We were able to make some good progress this week even though we didn’t accomplish everything we wanted to. Ziyi was able to get the hardware/software interface working and got the existing build to run on the FPGA, and did some good work on build configurations as well. Jeremy and Alice made good progress on fixing bugs in the algorithm as well.

No changes were made to the schedule.

In my last update, the main goal I wanted to tackle was figuring out what to put on the FPGA, since we were discovering some crashing issues when loading the CPU too much and also installation issues regarding OpenGL. So we decided to make an architecture change, such that the FPGA platform will only perform the fluid simulation algorithm. In other words, it will take an array of 3D positions and output an array of 3D positions for each frame, and save that to a file such that a host computer that is able to run Scotty3D can load in the simulation file and play the fluid simulation.
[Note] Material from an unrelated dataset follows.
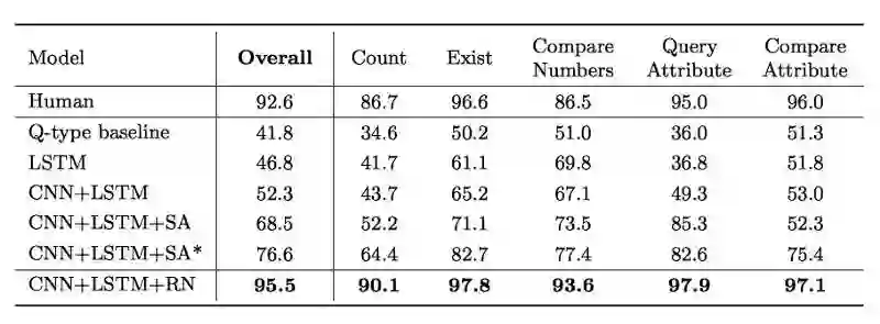 作者们指出,其他系统在准确性方面远远落后于他们自己的模型,这是因为关系网络旨在捕获关系。
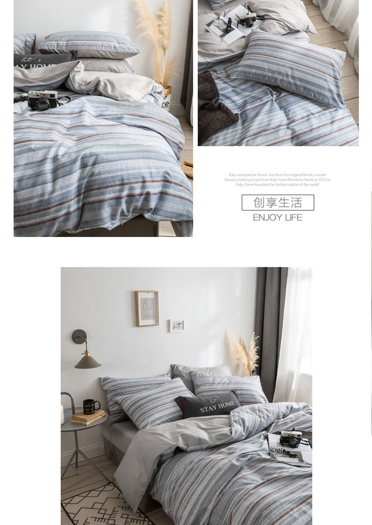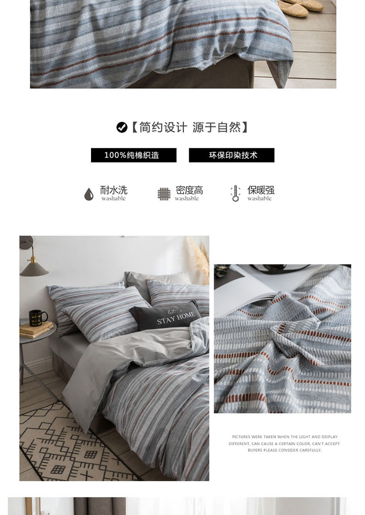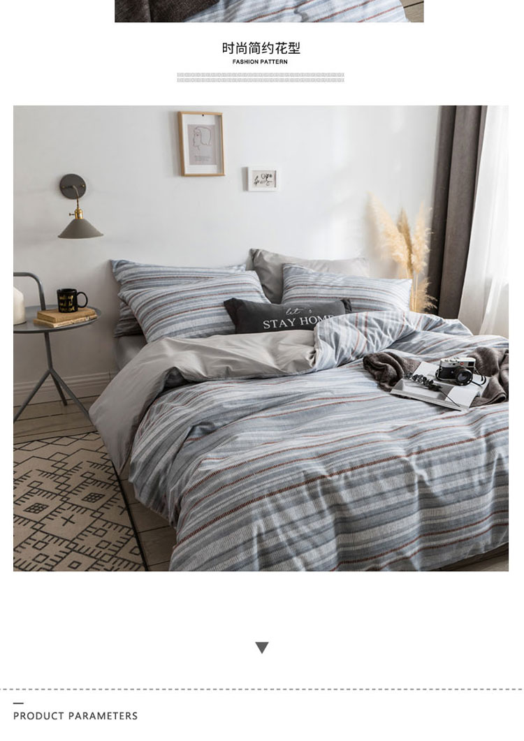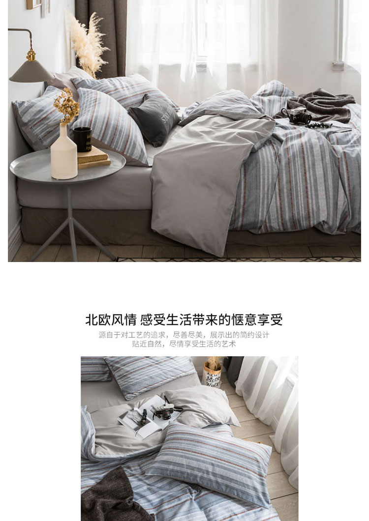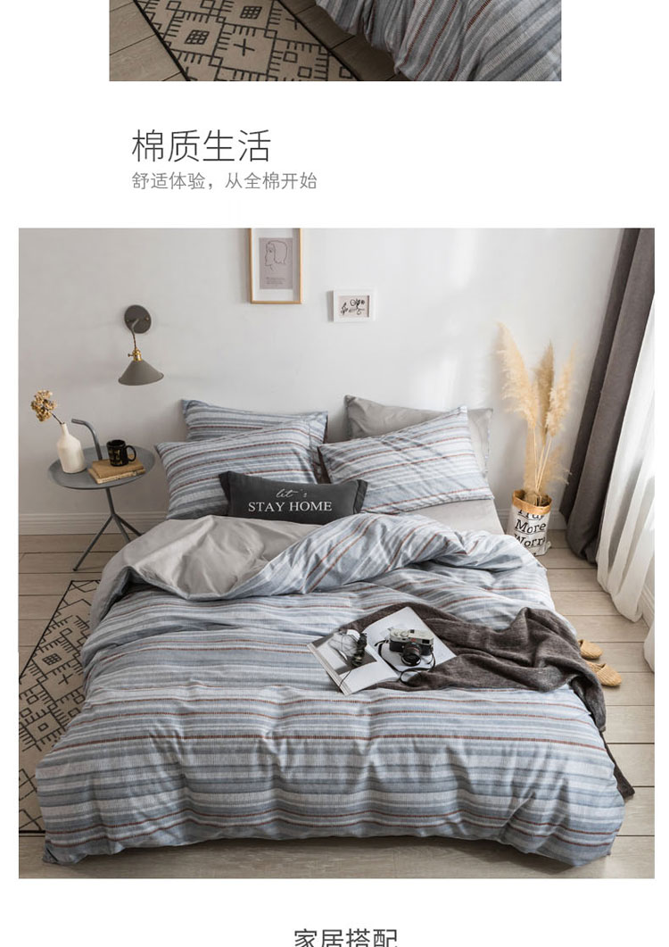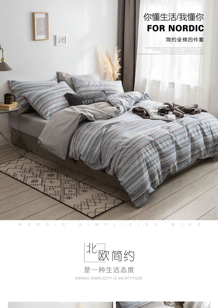 (总)梦家居 2024新款全棉13372简约小清新四件套,彩虹条纹,墨竹—黑色,墨竹—米色

The major task I accomplished for this week was stripping the fluid simulation code of extraneous dependencies such that the number of files loaded into the Vitis HLS would be minimal. I also worked with Jeremy and Ziyi to rewrite portions of the code that were using modern C++ features, and am currently working on loading a text file of 3D positions into keyframes for the animatino. I am making good progress already and am confident that I can finish this for next week.

Next week will be critical since we have a demo coming up, so in addition to getting the text file loaded into Scotty3D I will be working on figuring out the FPGA–> host computer communication. Since we have finally gotten the Vitis HLS project to build, I am feeling great about our progress going forward.

This week I spent a lot of time trying to wrestle with C++ compilation errors, which were particularly cryptic in the Vitis HLS build environment. The Scotty3D code that we are basing our project on takes advantage of a lot of modern C++ features, and although these are good practice for general programming, they make stripping down the general codebase to what we need fairly tricky. But, after resolving several build errors and restructuring the code, we are able to build and run in the Vitis HLS environment. I also worked on beginning to implement some loop unrolling and allowing for parallelism in hardware.

I think that we are working at a steady pace, and are on track to complete our goals. Especially now that we have a steady build flow working, I think that we will be able to make smooth progress now. Next week I hope to make more progress on working on the acceleration, and also figure out a preliminary method for displaying our output, and work towards figuring out a final version of displaying output.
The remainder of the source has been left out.